And shrugging his shoulders with unaffected contempt he passed on. When he reached the door a stream of people, who had been disappointed in not being able to get into the house and to make amends had collected to see him come out, stood on each side, as he passed, many among them glaring on him with threatening looks.

“How many people,” thought he, “and not one true friend.”

And as he uttered these words of doubt and depression within his mind, a voice beside him said:

“Respect to fallen majesty.”

The king turned quickly around, with tears in his eyes and heart. It was an old soldier of the guards who could not see his king pass captive before him without rendering him this final homage. But the next moment the unfortunate man was nearly killed with heavy blows of sword-hilts, and among those who set upon him the king recognized Captain Groslow.

“Alas!” said Charles, “that is a severe chastisement for a very trifling fault.”

He continued his walk, but he had scarcely gone a hundred paces, when a furious fellow, leaning between two soldiers, spat in the king’s face, as once an infamous and accursed Jew spit in the face of Jesus of Nazareth. Loud roars of laughter and sullen murmurs arose together. The crowd opened and closed again, undulating like a stormy sea, and the king imagined that he saw shining in the midst of this living wave the bright eyes of Athos.

Charles wiped his face and said with a sad smile: “Poor wretch, for half a crown he would do as much to his own father.”

The king was not mistaken. Athos and his friends, again mingling with the throng, were taking a last look at the martyr king.

When the soldier saluted Charles, Athos’s heart bounded for joy; and that unfortunate, on coming to himself, found ten guineas that the French gentleman had slipped into his pocket. But when the cowardly insulter spat in the face of the captive monarch Athos grasped his dagger. But D’Artagnan stopped his hand and in a hoarse voice cried, “Wait!”

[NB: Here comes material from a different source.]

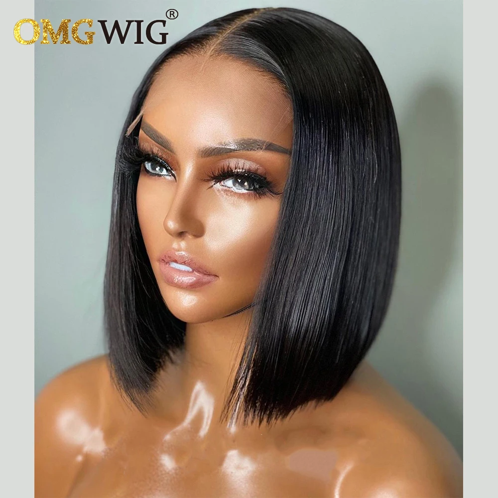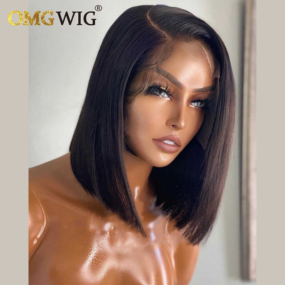 Короткие бразильские человеческие волосы Remy, парики для черных женщин, прямые HD прозрачные парики на шнурках 4x4 13x4, парик с фронтальным кружевом

Athos stopped. D’Artagnan, leaning on Athos, made a sign to Porthos and Aramis to keep near them and then placed himself behind the man with the bare arms, who was still laughing at his own vile pleasantry and receiving the congratulations of several others.

The man took his way toward the city. The four friends followed him. The man, who had the appearance of being a butcher, descended a little steep and isolated street, looking on to the river, with two of his friends. Arrived at the bank of the river the three men perceived that they were followed, turned around, and looking insolently at the Frenchmen, passed some jests from one to another.

“I don’t know English, Athos,” said D’Artagnan; “but you know it and will interpret for me.”

Then quickening their steps they passed the three men, but turned back immediately, and D’Artagnan walked straight up to the butcher and touching him on the chest with the tip of his finger, said to Athos:

“Say this to him in English: ‘You are a coward. You have insulted a defenseless man. You have befouled the face of your king. You must die.’”

Athos, pale as a ghost, repeated these words to the man, who, seeing the bodeful preparations that were making, put himself in an attitude of defense. Aramis, at this movement, drew his sword.

“No,” cried D’Artagnan, “no steel. Steel is for gentlemen.”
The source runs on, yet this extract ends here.